R: Remove duplicates from a dataframe based on categories in a column
Since you mentioned you have 10 million rows, here is a data.table
solution:
library(data.table)
setDT(df)[, .SD[which.min(factor(Category, levels = c("PT","DI","GT","SY")))], by=.(Name, Course)]
Result:
Name Course Category
1: Jason ML PT
2: Jason DS DI
3: Nancy ML PT
4: Nancy DS DI
5: James ML SY
6: John DS GT
Benchmarking:
# Random resampling of `df` to generate 10 million rows
set.seed(123)
df_large = data.frame(lapply(df, sample, 1e7, replace = TRUE))
# Data prep Base R
df1 <- df_large
df1$Category <- factor(df1$Category, levels = c("PT", "DI", "GT", "SY"))
df1 <- df1[order(df1$Category), ]
# Data prep data.table
df2 <- df_large
df2$Category <- factor(df2$Category, levels = c("PT", "DI", "GT", "SY"))
setDT(df2)
Results:
library(microbenchmark)
microbenchmark(df1[!duplicated(df1[,c('Name', 'Course')]), ],
df2[, .SD[which.min(df2$Category)], by=.(Name, Course)])
Unit: milliseconds
expr min lq mean
df1[!duplicated(df1[, c("Name", "Course")]), ] 1696.7585 1719.4932 1788.5821
df2[, .SD[which.min(df2$Category)], by = .(Name, Course)] 387.8435 409.9365 436.4381
median uq max neval
1774.3131 1803.7565 2085.9722 100
427.6739 451.1776 558.2749 100
Data:
df = structure(list(Name = structure(c(2L, 2L, 2L, 2L, 2L, 2L, 4L,
4L, 4L, 4L, 1L, 3L), .Label = c("James", "Jason", "John", "Nancy"

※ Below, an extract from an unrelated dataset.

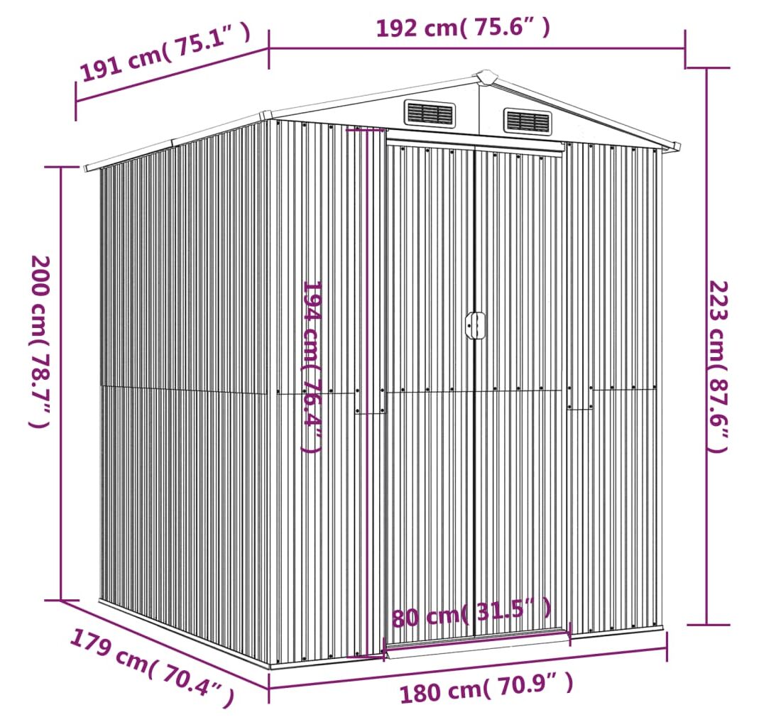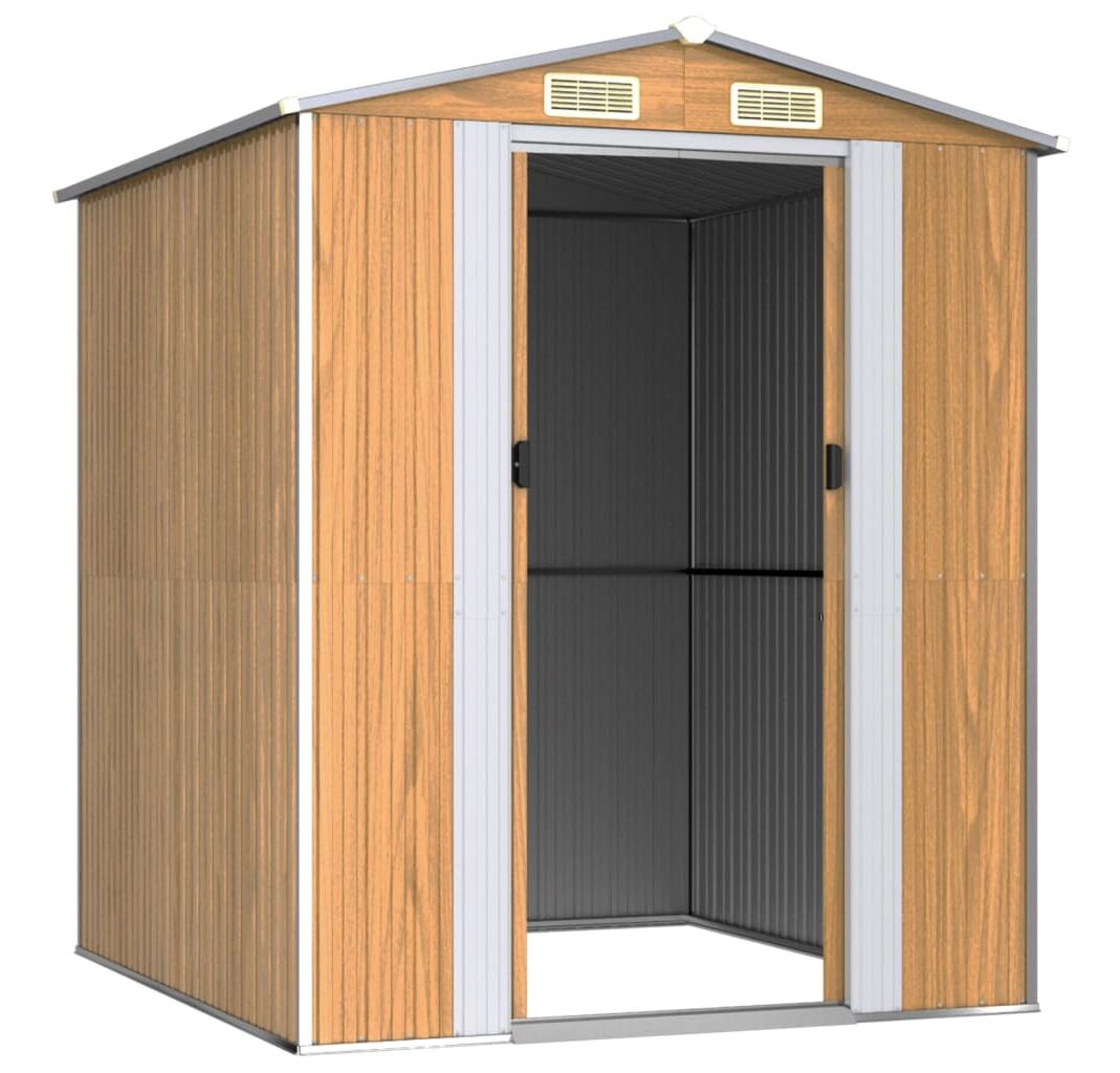 - Design practic: Această magazie de depozitare are guri de aerisire atât în față, cât și în spate, asigurând o ventilație excelentă. Ușile duble glisante permit accesul ușor la intrare sau la ieșire.

), class = "factor"), Course = structure(c(2L, 2L, 2L, 2L, 1L,
1L, 2L, 2L, 1L, 1L, 2L, 1L), .Label = c("DS", "ML"), class = "factor"),
Category = structure(c(3L, 1L, 2L, 4L, 4L, 1L, 3L, 4L, 1L,
2L, 4L, 2L), .Label = c("DI", "GT", "PT", "SY"), class = "factor")), .Names = c("Name",
"Course", "Category"), class = "data.frame", row.names = c("1:",
"2:", "3:", "4:", "5:", "6:", "7:", "8:", "9:", "10:", "11:",
"12:"))
Here is a snippet that does what you asked:
df$Category <- factor(df$Category, levels = c("PT", "DI", "GT", "SY"))

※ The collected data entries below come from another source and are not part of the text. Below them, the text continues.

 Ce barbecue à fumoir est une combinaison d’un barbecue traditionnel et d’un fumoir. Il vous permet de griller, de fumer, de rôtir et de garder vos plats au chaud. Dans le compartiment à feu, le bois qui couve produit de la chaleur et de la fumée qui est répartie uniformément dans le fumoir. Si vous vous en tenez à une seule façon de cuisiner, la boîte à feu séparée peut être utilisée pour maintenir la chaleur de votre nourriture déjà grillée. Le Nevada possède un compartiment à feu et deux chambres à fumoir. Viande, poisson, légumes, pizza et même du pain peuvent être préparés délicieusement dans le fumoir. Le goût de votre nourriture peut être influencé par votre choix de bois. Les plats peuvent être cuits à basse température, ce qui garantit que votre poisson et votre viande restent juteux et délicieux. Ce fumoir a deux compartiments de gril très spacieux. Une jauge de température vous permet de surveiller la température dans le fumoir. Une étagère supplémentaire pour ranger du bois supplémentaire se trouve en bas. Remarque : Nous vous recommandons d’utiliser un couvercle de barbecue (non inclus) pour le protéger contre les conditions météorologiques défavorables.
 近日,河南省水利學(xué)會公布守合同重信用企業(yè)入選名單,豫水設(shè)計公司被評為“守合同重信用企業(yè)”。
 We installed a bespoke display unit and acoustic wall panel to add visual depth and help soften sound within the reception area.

df <- df[order(df$Category),]
df[!duplicated(df[,c('Name', 'Course')]),]
Output:
Name Course Category
Jason ML PT
Nancy ML PT
Jason DS DI
Nancy DS DI
John DS GT
James ML SY
Idea is that we sort based on the priority structure. Then we apply the unique operations, which will return the first match. The return will be what we want.